Dans une lettre datant de l’année 1917, Franz Rosenzweig évoque la légende talmudique suivante : « Un jour, Rabbi Yoshoua ben Levi rencontra le prophète Élie à l’entrée de la grotte de Rabbi Shimon ben Yo’hai et lui demanda : Quand le Messie viendra-t-il ? Élie lui répondit : Va le lui demander. – Mais où puis-je le trouver ? – Aux portes de Rome. – Et comment pourrai-je le reconnaître ? – Il est assis parmi les pauvres et les malades et panse leurs plaies […]. Rabbi Yoshoua alla donc trouver le Messie […] et lui demanda : Maître, quand viendras-tu ? Le Messie lui répondit : Aujourd’hui. Sur ce, Rabbi Yoshoua retourna vers le prophète Élie. Celui-ci lui demanda : Que t’a dit le Messie ? […] Rabbi Yoshoua lui répondit : Il m’a menti, car il m’a dit : “Aujourd’hui”, mais il n’est pas venu. Alors Élie lui répondit : (Tu n’as pas compris sa réponse) ; le Messie t’a cité un verset des Psaumes (95,7) : “Aujourd’hui, si vous écoutez Sa voix”. » (Sanhedrin, 98a)

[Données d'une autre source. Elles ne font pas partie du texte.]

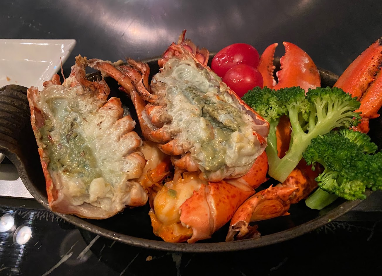 我們三個點了兩人套餐、外加一個和牛夢幻套餐 店員說和牛套餐可以加188$換半隻龍蝦 , 我們也就照點 因為母親生日 所以想說那就換龍蝦 ,然後鹹食全部吃完之後看到旁邊人陸續離開、主廚也不見了, 雖然龍蝦還沒來,但因為天氣很冷 可是桌邊水和氣泡果汁都是冰冷 轉身我是先詢問一個女店員想說菜單上剛才點的餐 飲料可以來了(兩壺熱水果茶和奶茶) 她的反應很詭異 是愣住 然後問你們要換位子了嗎? 我聽不懂 …為什麼坐的好好要換位子? 而且我們東西根本還沒吃完… 然後她又再問一次 要換嗎 我就說飲料不能先上嗎?…. 然後她直接轉身跟同事講話 又過來說 因為甜點要換到外面位子吃

Dans la suite de sa lettre, Rosenzweig commente cette légende en distinguant entre deux significations du mot « aujourd’hui » : « Il y a un aujourd’hui qui n’est qu’un pont vers demain, et il y a un autre aujourd’hui qui est un tremplin vers l’éternité. » Il est remarquable que Gershom Scholem ait lui aussi cité ce même verset des Psaumes et ce même enseignement sur l’actualité permanente de la Rédemption dans le contexte du commentaire d’un autre passage du Talmud : « Si le peuple d’Israël se repentait, ne serait-ce qu’un seul jour, la Rédemption viendrait aussitôt, selon ce qu’il est dit : “Aujourd’hui, si vous écoutez Sa voix.”» Si Rosenzweig et Scholem se réfèrent l’un et l’autre à cette ancienne source juive, c’est pour plaider en faveur d’une vision de l’histoire radicalement opposée au modèle qui domine la pensée occidentale depuis les Lumières : celui du progrès continu de l’humanité jusqu’au terme idéal de son développement. Le messianisme juif, qui, pour Rosenzweig comme pour Scholem, sert ici de contre-modèle au paradigme historique de la modernité, ne conçoit pas la fin de l’histoire comme l’aboutissement lointain d’un long processus de perfectionnement, comme le terme idéal d’une démarche infinie, mais comme l’irruption soudaine et imprévue d’une autre réalité au sein même du temps.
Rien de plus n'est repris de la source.